PetSmart Charities
- Formation: 1994; 32 years ago
- Tax ID no.: 93-1140967
- Legal status: Foundation
- Purpose: Animal welfare
- Location: Phoenix;
- Region served: North America
- President: Aimee Gilbreath
- Revenue: $68.7 million (2025)
- Website: petsmartcharities.org

= PetSmart Charities =

Non-profit organization

PetSmart Charities and PetSmart Charities of Canada are non-profit organizations dedicated to pet adoption and welfare, with focuses on pet hunger, disaster relief, and access to care. In the United States, PetSmart Charities is the largest financial supporter of animal welfare and among the 400 largest philanthropic organizations working on any issue. Their primary goal is to save the lives of homeless pets through programs such as their In-Store Adoption Centers in many PetSmart locations, grant program for animal welfare agencies across North America, and community adoption events. Support for increasing access to affordable veterinary care is a key priority for the organization.

== History ==

PetSmart Charities was formed in 1994 by PetSmart founders Jim and Janice Dougherty, who made a decision to avoid selling dogs and cats within their stores in favor of showcasing pet adoption programs.

In 2004, PetSmart charities launched The Rescue Waggin’ program, which helped relocate pets from facilities in overpopulated communities to adoption centers in areas where there is more demand and higher chance of adoption. The program was sunset in 2016.

=== Major grants ===
The charity has made major donations to further animal welfare. In 2007, it gave a $420,750 to the University of California-Davis. According to the organization, the fund will be used to finance an urgent need for an academic position dedicated to extending medical knowledge to shelter professionals. In 2006, PetSmart Charities awarded $2.3 million in grants to help disaster relief agencies and animal welfare organizations address the needs of pets abandoned, hurt or lost during hurricanes and other natural disasters. In 2006, it offered a request for proposals for $20,000 matching grants toward the establishment of state animal response teams in the U.S. The SART model is a public-private partnership for preparation and response to animal emergencies.
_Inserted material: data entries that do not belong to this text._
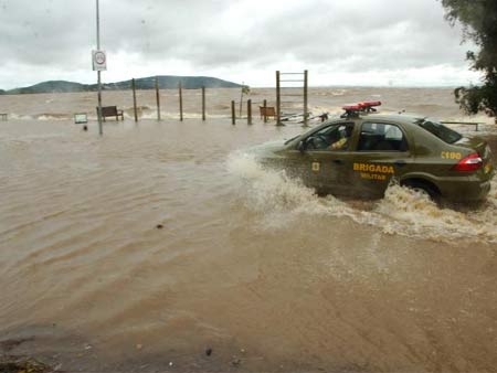 Une forte tempête tempérée a touché la région de Porto Alegre au Brésil. Des vents soufflant à plus de 100 km/h ont balayé cette région, déraciant des arbres, emportant des toitures et causant des avaries sur le réseau de transport d'électricité qui ont privés d'électricité plus de 37 000 foyers.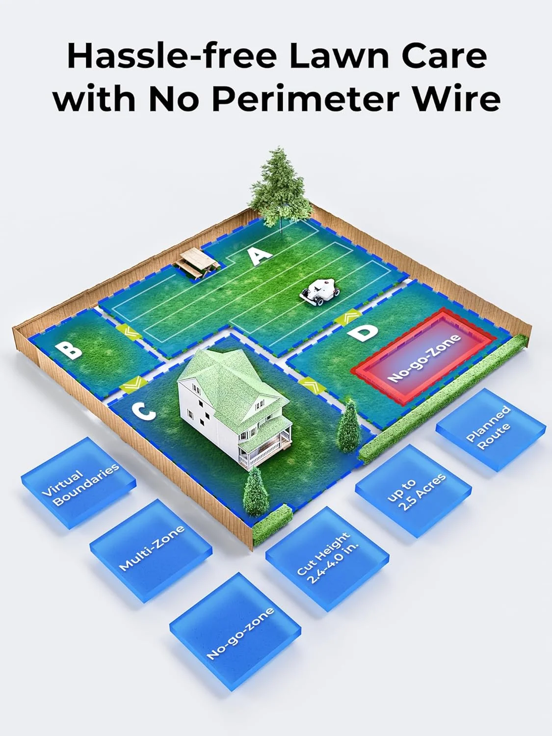 - No Perimeter Wires, No More Pains: Still in the pain of installing a boundary wire? Why not pick Mammotion robot mower- No perimeter wire is needed to setup or repair anymore. With the App, you can set the virtual boundaries in cm-level accuracy positioning and map your lawn, thanks to the advanced RTK-GNSS and Multi-Sensor Navigation System. You deserve a dynamic and flexible lawn and LUBA saves your time.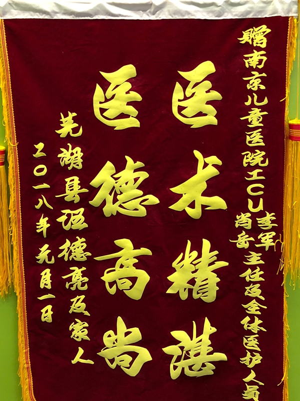 赠南京儿童医院ICU李军 肖岳主任及全体医护人员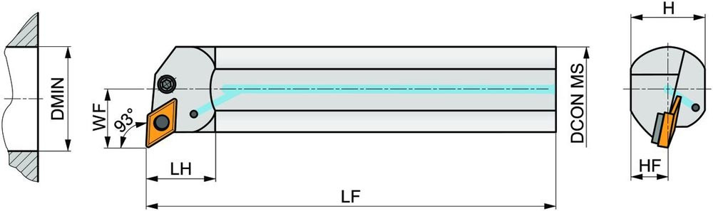 Dreh-Bohrstange mit Kniehebelklemmung zum spannen von 55° Rhombus negative Wendeschneidplatten mit einem Innenkreisdurchmesser von 9.525mm · 4.76mm Dick (ISO Bezeichnung DN.. 1104.. ) · linke Ausführung zum 93° Längsdrehen mit abgesetzem Schaft · Stahl ohne Kühlkanalbohrung · 25mm Durchmesser x 200mm Länge für Innenkegeldrehen · Kopierdrehen in einer und mehreren Richtungen und Längsdrehen mit und ohne Schulter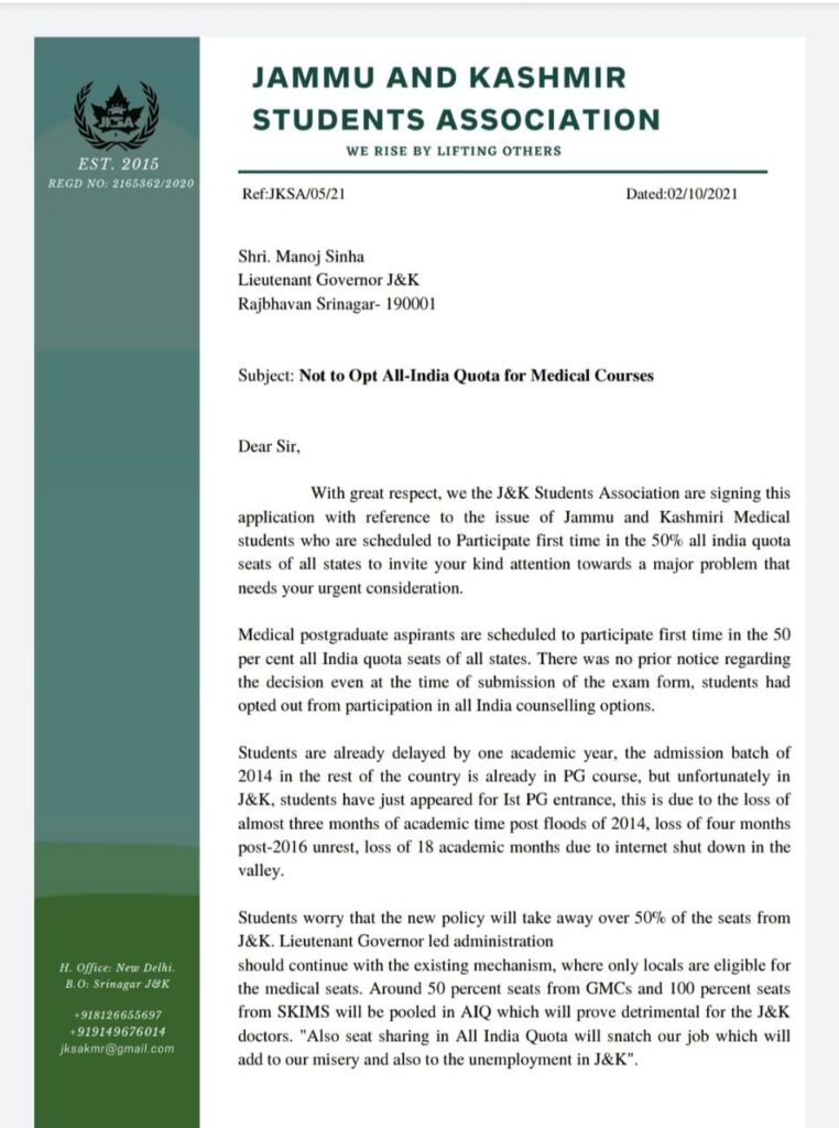 Srinagar,October 2: J&K Students Association here on today urged Jammu and Kashmir Lieutenant Governor Manoj Sinha not to participate in All-India Quota (AIQ) for admission to medical postgraduate aspirants who are scheduled to participate first time in the 50 per cent all India quota seats of all states.

PetSmart Charities gave the largest gift in its history in May 2023, a $6 million grant to name an endowed chair at the UC Davis School of Veterinary Medicine. The grant is part of a $100 million commitment to improve access to veterinary care.

== Funding ==

According to PetSmart Charities, 80 percent of its cash donations occur at customer checkout, a program the retailer has been running since approximately 2004. The average donation is just under $3.

== Animal welfare and adoption support ==

PetSmart Charities fund spay and neuter programs to reduce the number of feral or unwanted animals. As of November 2024, the organization has also provided for the adoption of more than 11 million pets.

Most PetSmart locations have an adoption center to house animals from local animal welfare organizations. PetSmart donates space for each center in their stores, PetSmart Charities funds the cost to build the center, and local animal welfare organizations are invited to bring their animals into the centers. While most stores are equipped with an Everyday Adoption Center that can house cats 24 hours a day, some stores have Enhanced Adoption Centers which lend the ability to also house dogs and include a playroom to meet the animals. The animal welfare organizations are still responsible for the care of the pets, even when placed in an adoption center.

PetSmart Charities also has a program where they will partner with other local animal welfare agencies in order to further the pet adoption process.

PetSmart stores host adoption events by partnering with local animal rescue and welfare organizations. In addition, PetSmart Charities sponsors four national adoption events each year showcasing animals from multiple adoption groups in each store. On average, more than 17,000 pets find a new home during each national adoption event.

PetSmart Charities works with Feeding America and Meals on Wheels to support the distribution of pet food through local channels. In 2023, the organization created Pet Hunger Awareness Day to occur on the last Tuesday of September. PetSmart Charities of Canada provided a grant to Humane Canada to fund a similar initiative and created a map of more than 300 pet food assistance programs in Canada.

The Emergency Relief Waggin' program was formed to quickly deliver emergency supplies to areas that have gone through a type of major disaster or emergency. The trucks are strategically placed at PetSmart owned distribution centers around the country to ensure quick response and deployment.

PetSmart Charities works with the American Red Cross to provide resources and funding to people with pets preparing for or recovering from a disaster. The organization also provides grants to create low-cost and nonprofit veterinary clinics and expand low-cost offerings from existing veterinary providers.